Dynamo Coléoptera’s performances, continues Girouard, are ideally as exciting for the musicians themselves as the spectators to whom everything is new. In their shows, “It’s about sharing energy with the audience,” he affirms.
In fact, the group’s aesthetic interests have more to do with energy than Kuroki’s stage moves and Morimoto’s cavorting cat-woman. The name Dynamo Coléoptera comes from a verse by 1920s poet Kenji Miyazawa. Especially interested in the future, Miyazawa envisioned a world where power could be tapped from beetles, known in Latin by the order Coleoptera. To Kuroki, the hard-shelled insects exemplify beauty: “They’re maladroit and gentle, but [have] so much energy inside them.”
“[Today] we have to be serious about energy, because it’s a serious problem,” she cautions. Still, Kuroki’s solution may seem too deeply rooted in her own surrealist exercises. “It’s not about looking for energy from outside,” she reveals, “but from inside ourselves.”

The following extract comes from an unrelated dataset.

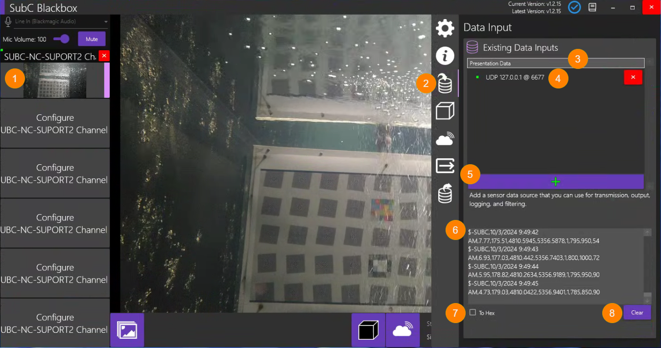 Blackbox provides the option of getting Data Inputs from Rayfin Cameras and other applications or devices, such as those reporting environment sensor data: water temperature, depth, etc. and this data can be displayed on the video view as a Data Overlay and/or save to a specified file.

Consider the wonder with which she regards the natural world, however, and it’s hard to deny she’s on to something. With surrealism, notes Kuroki, “We can become more compassionate, and understand that things are just there, that they’re beautiful.” Though hardly a raging political diatribe, her emphasis on appreciating the environment carries a certain heft.

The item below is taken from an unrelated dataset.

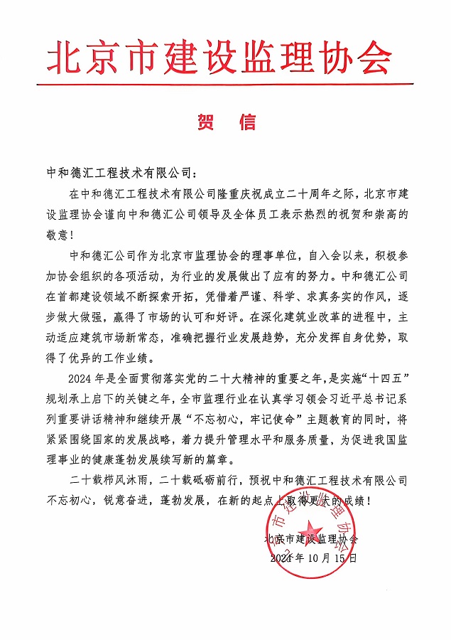 2024年10月15日,正值中和德匯成立20周年之際,公司收到了北京市建設監理協會的賀信。這封賀信不僅對公司過去20年砥礪奮進和卓越成就的認可,更是對我們未來發展的美好祝愿。在這個重要的時刻,我們謹向所有關心和支持我們的朋友及行業協會表示最誠摯的感謝。您們的支持和信任是我們不斷前進的動力。

It’s the same deep-rooted appreciation for their surroundings that allows Dynamo Coléoptera to develop their craft in Montreal. “It’s rare that cultures mixing can turn out so positively,” smiles Kuroki, who made the city her home seven years ago. “In this small town, there’s so much diversity. There are so many people, and still we don’t kill each other – we’re happy and smiling. It’s a miracle.”
Indeed, Montreal’s left-leaning roots and communal energy have brought a certain degree of acceptance for Dynamo Coléoptera. For the past year, they’ve been working with the technical and logistical support of Montréal arts interculturels (MAI), preparing for this week’s series of performances. The Conseil des arts et des letters du Quebec have also offered financial support to the group. The result: “We feel we’re on track,” notes Girouard, “and [we will go] where we want to go.”
While seemingly better suited to avant-garde artists’ lofts than the café-bars or youth centres the band often plays, Dynamo Coléoptera’s clanging, euphoric multimedia productions have steadily broken boundaries over the past four years. “We will not be imprisoned by definitions,” affirms Kuroki, softly. “We are not scared.”
Dynamo Coléoptera play at 8 p.m. today, tomorrow, and Saturday at MAI – Montréal arts interculturels (3680 Jeanne Mance). Student tickets are $15. They’re also performing a family matinee at 3 p.m. Saturday. Admission is free for anyone under the age of 16.